Chi-squared test statistic:

\[\psi(X) = \sum_{i=1}^m\frac{(X_i-n_i)^2}{n_i} \; .\]

where \(n_i = np_i = \mathbb E[X_i]\) is the expected number of counts for color \(i\).

Sometimes written as:

\(\psi(X) = \sum_{i=1}^m\frac{(O_i-E_i)^2}{E_i} \; ,\)

where \(O_i\) stands for “observed count of \(i\)” and \(E_i\) stands for “expected count”

Property

Chi-squared approximation

When \(np_i\) are large, under \(H_0\): \[\psi(X) \xrightarrow{d} \chi^2(m-1)\]

Proof

\(X \sim \text{Mult}(n, p)\) has mean \(np\) and covariance \(n\Sigma\) where \(\Sigma = \text{diag}(p) - pp^\top\).

Indeed: \[\Sigma_{ij} = \text{Cov}(X_i, X_j) = \begin{cases} np_i(1-p_i) & i = j \\ -np_ip_j & i \neq j \end{cases}\] which gives \(\Sigma = n(\text{diag}(p) - pp^\top)\).

By the multivariate CLT: \[\frac{X - np}{\sqrt{n}} \xrightarrow{d} \mathcal{N}(0, \Sigma)\]

Let \(Z = \text{diag}(p)^{-1/2}(X - np)/\sqrt{n}\), so that \(\psi(X) = \|Z\|^2\). By the continuous mapping theorem:

\[Z \xrightarrow{d} \mathcal{N}(0,\, P), \quad P = I - \sqrt{p}\sqrt{p}^\top\] Since \(P\) is an orthogonal projection of rank \(m-1\), \(\mathcal{N}(0, P) \stackrel{d}{=} PG\) with \(G \sim \mathcal{N}(0, I)\), therefore: \[\psi(X) = \|Z\|^2 \xrightarrow{d} \|PG\|^2 \sim \chi^2(m-1)\]

Test and Rejection Region

Reject \(H_0\) if \(\psi(X) > t_{1-\alpha}\), the \((1-\alpha)\)-quantile of \(\chi^2(m-1)\).

We reject for large values of \(\psi\) (right-tailed test).

Question: We observe a \(\chi^2\) stat equal to \(32\) for 1000 draws of a supposedly unbiased dice.
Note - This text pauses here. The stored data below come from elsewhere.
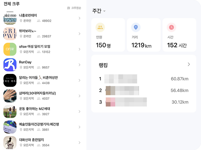 다양한 러닝 크루에 가입해 활동이 가능하다. 지역, 성별, 관심사에 따라 다양한 크루가 개설되어 있고 자신이 직접 만드는 것도 가능하다. 크루에 들어가게 되면 직접적인 소통 기능은 없지만 크루원끼리 주간 러닝 누적 기록을 경쟁할 수 있어 사용자의 동기부여에 도움을 준다.
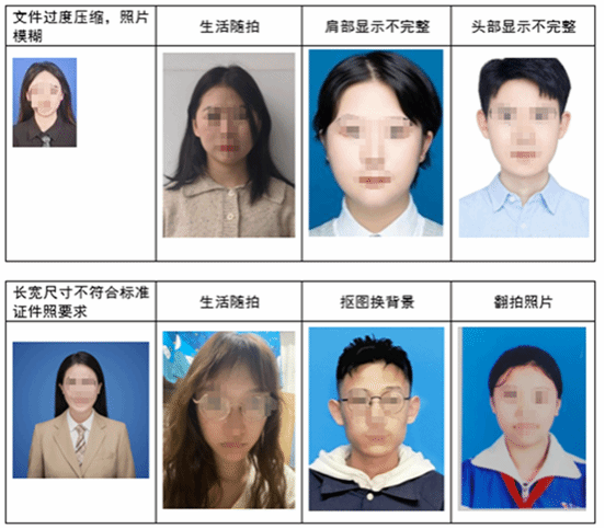 考生需自行登录预报名系统(https://xczx7.swufe.edu.cn/svue/cet/cetapply),按提示完成预报名流程,预报名时须检查照片,照片高宽比例为4:3,不符合标准的照片需重新上传近期蓝底彩色照片。照片要求清晰正式,禁止使用美图类软件处理,单张照片大小不超过200KB。常见不符合报名要求的照片示例如下: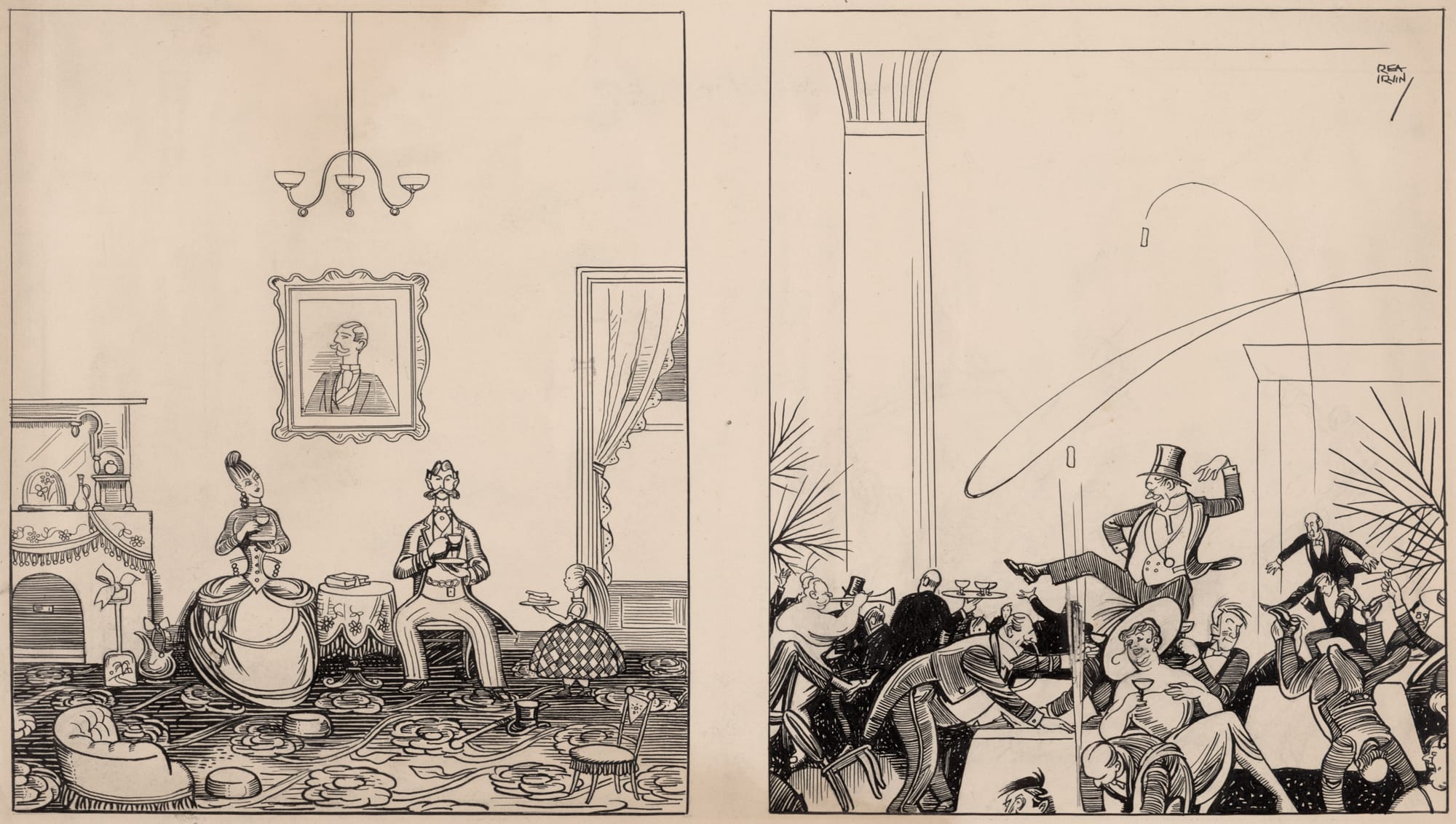 Algunas caricaturas de Irvin riéndose de la créme de la créme neoyorkina.

It it normal?

If we observe \(\chi^2\) stat equal to \(0.001\), what does it mean?

Example: Bag of Sweets

  • We observe a bag of sweets containing \(n=100\) sweets of \(m=3\) different colors: red, green, and yellow.
  • Manufacturer: \(p_1= 40\%\) red, \(p_2=35\%\) green, and \(p_3=25\%\) yellow.
  • \(H_0: q=p\) (manufacturer’s claim is correct)
  • \(H_1: q\neq p\) (manufacturer’s claim is incorrect)
Color Observed Counts
Red \(X_1=50\)
Green \(X_2=30\)
Yellow \(X_3=20\)
Expected Counts
\(n_1=40\)
\(n_2=35\)
\(n_3=25\)
  • \(\psi(X) = \sum_{i=1}^m\frac{(X_i-n_i)^2}{n_i} \approx 2.5 +0.71+1 \approx 4.21\)
  • \(\mathrm{cdf}(\chi^2(2), 4.21) \approx 0.878\) (\(p_{value} \approx 0.222\))
  • Conclusion: do not reject \(H_0\)

Comparison to a Theoretical Disrtribution

Representation with Indicators

We draws independently and with resampling \(m\) categories \((c_1, \dots, c_m)\). Probability of getting category \(c_k\) is \(p_k\).

Let \(Z_i\) be the category of the \(i^{th}\) draw

Then, if \(X_k= \sum_{i=1}^n \mathbf{1}\{Z_i = c_k\}\)

\((X_1, \dots, X_m) \sim Mult(n, (p_1, \dots, p_m))\)

Histograms with this Representation

We observe \((Z_1, \dots, Z_n) \in \mathbb R^n\)

Fix some intervals \((I_1, \dots, I_m)\) intervals that partition \(\mathbb R\)

Histogram

\(\mathrm{counts}(I) = \sum_{i=1}^n \mathbf 1\{Z_i \in I\} \in \{1, \dots, n\}\;\)

\(\mathrm{freq}(I) = \mathrm{counts}(I)/n\)

\(\mathrm{hist}(a,b,k) = (\mathrm{counts}(I_1), \dots,\mathrm{counts}(I_m))\)

Histogram in Practice

Usually, we use balanced histograms on \([a,b)\):

\(I_l = \big[a + (l-1)\tfrac{b-a}{m},a + l\tfrac{b-a}{m}\big)\)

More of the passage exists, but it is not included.